##### Information supplied

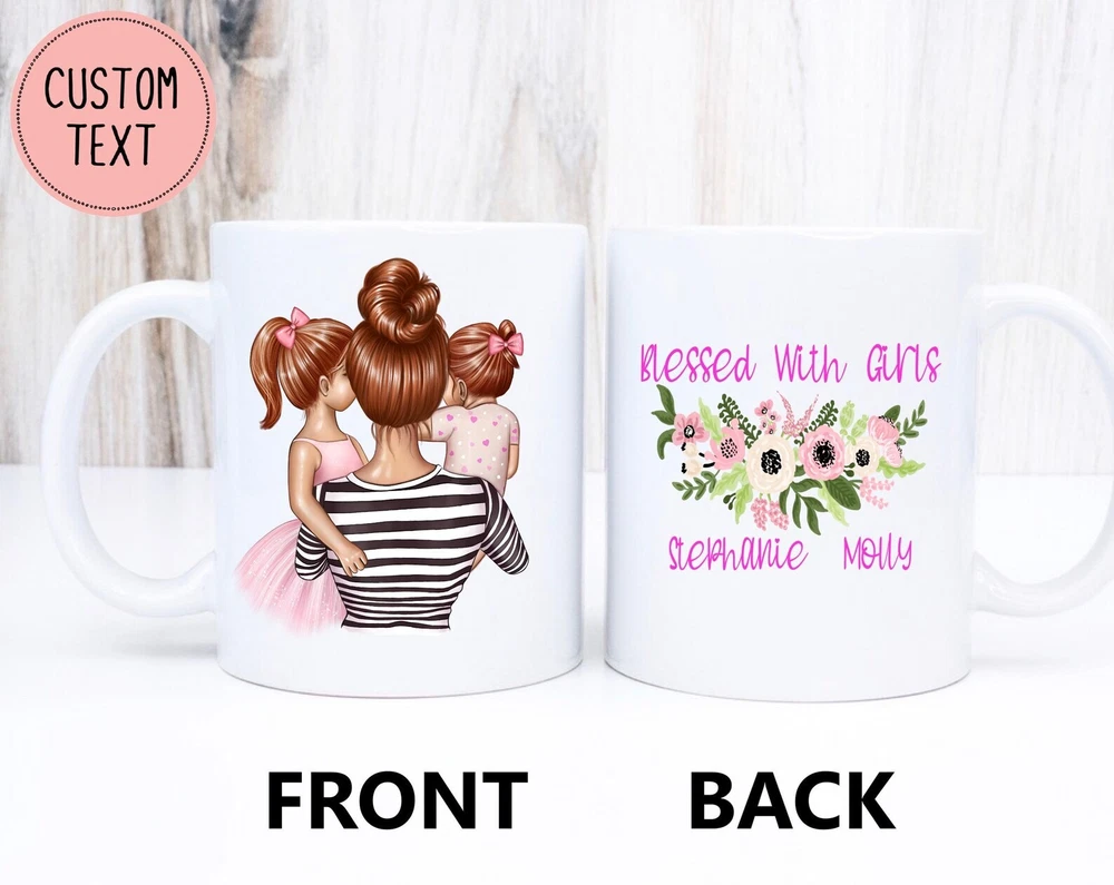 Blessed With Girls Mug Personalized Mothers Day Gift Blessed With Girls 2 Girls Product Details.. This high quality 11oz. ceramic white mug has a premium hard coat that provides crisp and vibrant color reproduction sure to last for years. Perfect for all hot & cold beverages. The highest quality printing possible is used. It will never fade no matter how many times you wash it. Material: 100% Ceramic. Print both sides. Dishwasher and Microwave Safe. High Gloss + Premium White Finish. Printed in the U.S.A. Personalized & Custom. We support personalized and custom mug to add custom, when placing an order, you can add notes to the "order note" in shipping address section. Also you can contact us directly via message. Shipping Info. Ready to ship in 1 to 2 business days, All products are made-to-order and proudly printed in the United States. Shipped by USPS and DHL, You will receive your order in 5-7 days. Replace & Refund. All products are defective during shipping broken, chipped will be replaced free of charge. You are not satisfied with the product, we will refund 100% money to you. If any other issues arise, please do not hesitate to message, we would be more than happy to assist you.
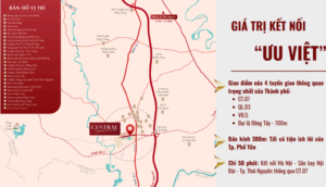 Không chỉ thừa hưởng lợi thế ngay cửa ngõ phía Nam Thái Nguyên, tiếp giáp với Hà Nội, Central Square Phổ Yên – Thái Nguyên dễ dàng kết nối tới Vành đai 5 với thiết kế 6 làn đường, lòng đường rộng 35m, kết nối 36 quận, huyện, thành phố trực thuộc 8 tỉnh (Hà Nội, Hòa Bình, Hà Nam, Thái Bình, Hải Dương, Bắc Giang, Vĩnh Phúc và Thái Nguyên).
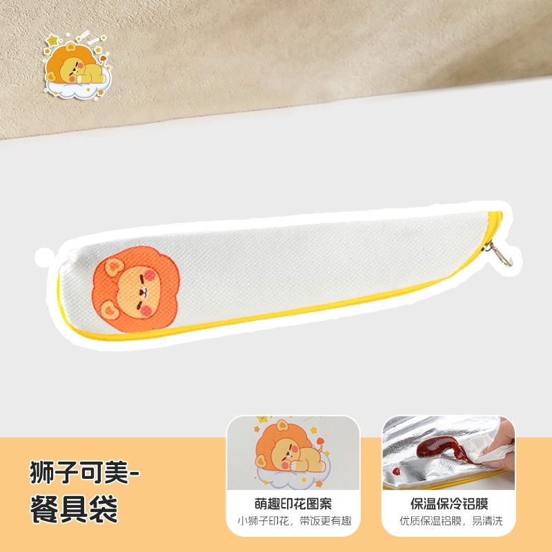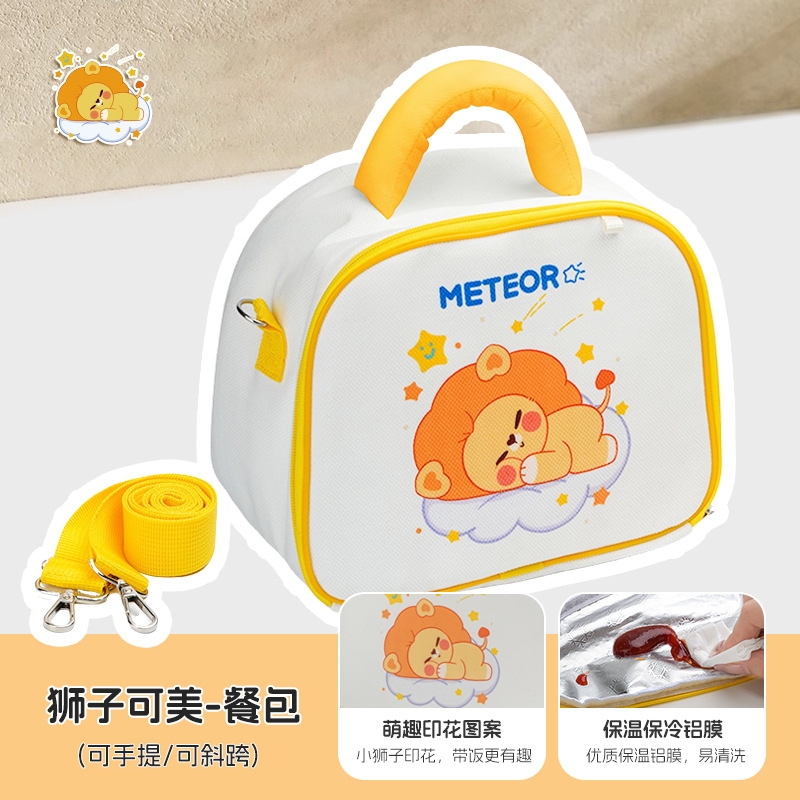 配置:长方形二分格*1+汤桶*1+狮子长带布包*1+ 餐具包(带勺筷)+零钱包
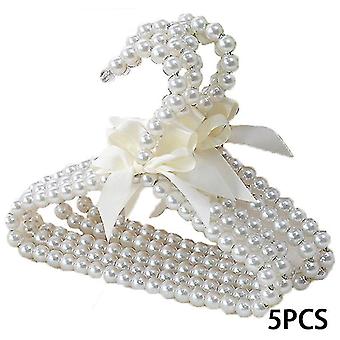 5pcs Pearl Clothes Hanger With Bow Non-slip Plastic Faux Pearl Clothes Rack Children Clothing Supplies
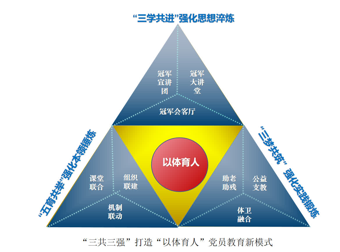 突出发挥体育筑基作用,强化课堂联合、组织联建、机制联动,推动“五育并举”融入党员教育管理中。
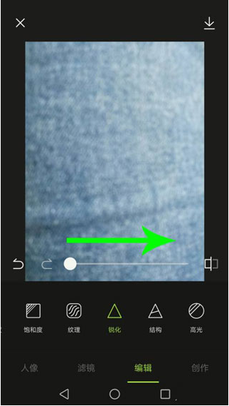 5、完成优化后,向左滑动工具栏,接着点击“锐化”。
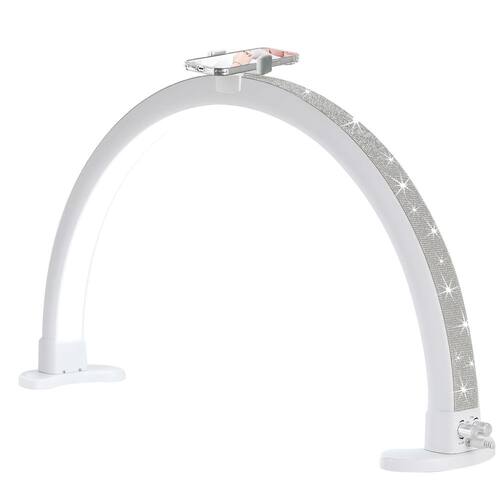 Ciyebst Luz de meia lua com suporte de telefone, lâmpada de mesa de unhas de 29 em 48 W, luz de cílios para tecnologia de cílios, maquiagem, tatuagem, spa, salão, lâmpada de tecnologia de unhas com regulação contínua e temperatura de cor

##########
##### Information supplied

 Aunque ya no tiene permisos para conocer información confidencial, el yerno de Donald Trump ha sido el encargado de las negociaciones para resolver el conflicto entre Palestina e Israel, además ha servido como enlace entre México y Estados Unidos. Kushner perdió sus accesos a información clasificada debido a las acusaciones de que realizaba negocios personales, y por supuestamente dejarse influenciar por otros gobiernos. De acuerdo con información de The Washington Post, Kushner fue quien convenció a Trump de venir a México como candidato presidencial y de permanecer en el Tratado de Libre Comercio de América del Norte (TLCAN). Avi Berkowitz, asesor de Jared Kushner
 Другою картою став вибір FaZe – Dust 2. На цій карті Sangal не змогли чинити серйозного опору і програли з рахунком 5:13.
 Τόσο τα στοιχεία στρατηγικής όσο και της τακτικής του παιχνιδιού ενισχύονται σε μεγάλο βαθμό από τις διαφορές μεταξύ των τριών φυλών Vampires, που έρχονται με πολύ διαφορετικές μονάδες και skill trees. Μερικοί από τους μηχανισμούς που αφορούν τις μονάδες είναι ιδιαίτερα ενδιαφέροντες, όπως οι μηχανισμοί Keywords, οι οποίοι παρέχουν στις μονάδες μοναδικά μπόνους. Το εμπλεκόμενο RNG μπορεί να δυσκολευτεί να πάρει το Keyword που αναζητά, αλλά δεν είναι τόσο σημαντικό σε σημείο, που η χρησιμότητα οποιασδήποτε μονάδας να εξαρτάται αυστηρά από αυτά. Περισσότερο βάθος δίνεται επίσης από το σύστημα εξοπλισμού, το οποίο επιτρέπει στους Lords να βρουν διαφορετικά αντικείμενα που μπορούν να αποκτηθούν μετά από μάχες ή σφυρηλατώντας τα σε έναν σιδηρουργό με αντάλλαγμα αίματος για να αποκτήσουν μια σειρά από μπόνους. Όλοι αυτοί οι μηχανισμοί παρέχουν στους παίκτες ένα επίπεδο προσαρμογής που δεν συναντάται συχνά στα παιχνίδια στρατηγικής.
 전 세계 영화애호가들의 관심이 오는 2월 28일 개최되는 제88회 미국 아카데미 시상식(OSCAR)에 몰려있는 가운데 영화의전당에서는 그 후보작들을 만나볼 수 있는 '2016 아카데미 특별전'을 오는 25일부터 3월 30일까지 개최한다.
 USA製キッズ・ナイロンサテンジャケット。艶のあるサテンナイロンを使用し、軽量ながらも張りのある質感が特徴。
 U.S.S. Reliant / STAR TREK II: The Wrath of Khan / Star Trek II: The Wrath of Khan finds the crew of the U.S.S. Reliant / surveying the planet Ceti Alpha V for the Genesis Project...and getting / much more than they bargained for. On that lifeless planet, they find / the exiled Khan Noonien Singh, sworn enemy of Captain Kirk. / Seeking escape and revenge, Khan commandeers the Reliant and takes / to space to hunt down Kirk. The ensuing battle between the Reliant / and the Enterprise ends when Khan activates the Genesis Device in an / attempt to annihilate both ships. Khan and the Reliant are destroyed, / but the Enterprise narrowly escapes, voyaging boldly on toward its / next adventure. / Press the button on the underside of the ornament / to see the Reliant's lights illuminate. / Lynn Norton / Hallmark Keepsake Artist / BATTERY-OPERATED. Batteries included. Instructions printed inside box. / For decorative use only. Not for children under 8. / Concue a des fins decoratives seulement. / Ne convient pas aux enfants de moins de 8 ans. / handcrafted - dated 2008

##########
##### Information supplied

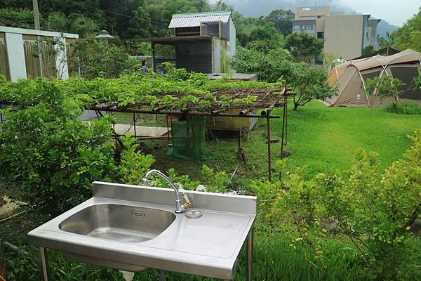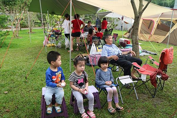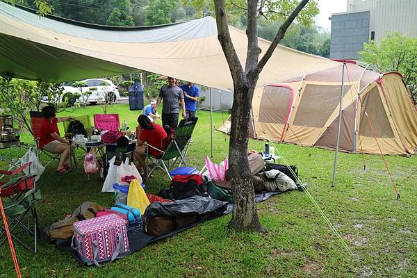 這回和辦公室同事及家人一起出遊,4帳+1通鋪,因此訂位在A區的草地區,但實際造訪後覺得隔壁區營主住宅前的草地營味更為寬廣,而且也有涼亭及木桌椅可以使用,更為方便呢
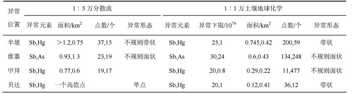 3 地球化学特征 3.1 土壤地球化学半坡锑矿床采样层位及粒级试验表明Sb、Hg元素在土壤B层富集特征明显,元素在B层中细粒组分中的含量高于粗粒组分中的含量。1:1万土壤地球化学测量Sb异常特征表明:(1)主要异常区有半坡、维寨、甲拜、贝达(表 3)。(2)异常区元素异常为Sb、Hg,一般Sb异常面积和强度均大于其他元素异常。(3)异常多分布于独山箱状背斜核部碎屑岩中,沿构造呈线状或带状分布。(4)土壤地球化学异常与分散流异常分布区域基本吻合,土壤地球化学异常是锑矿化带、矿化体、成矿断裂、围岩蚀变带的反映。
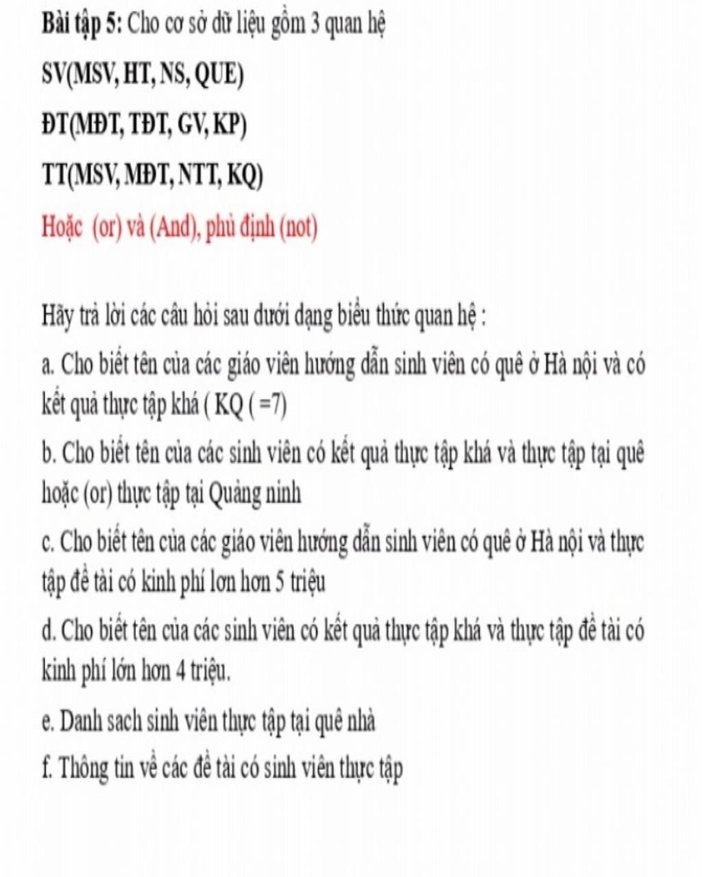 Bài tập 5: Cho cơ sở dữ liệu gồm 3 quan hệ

##########

* **Exercise brief**
Within the listing above, copy exactly the lines that start at the one with "3 地球化学特征 3.1" and continue through the one with "Bài tập 5: Cho cơ sở dữ liệu gồm 3 quan hệ". Omit pictures.

* **Your solution**
 3 地球化学特征 3.1 土壤地球化学半坡锑矿床采样层位及粒级试验表明Sb、Hg元素在土壤B层富集特征明显,元素在B层中细粒组分中的含量高于粗粒组分中的含量。1:1万土壤地球化学测量Sb异常特征表明:(1)主要异常区有半坡、维寨、甲拜、贝达(表 3)。(2)异常区元素异常为Sb、Hg,一般Sb异常面积和强度均大于其他元素异常。(3)异常多分布于独山箱状背斜核部碎屑岩中,沿构造呈线状或带状分布。(4)土壤地球化学异常与分散流异常分布区域基本吻合,土壤地球化学异常是锑矿化带、矿化体、成矿断裂、围岩蚀变带的反映。
 Bài tập 5: Cho cơ sở dữ liệu gồm 3 quan hệ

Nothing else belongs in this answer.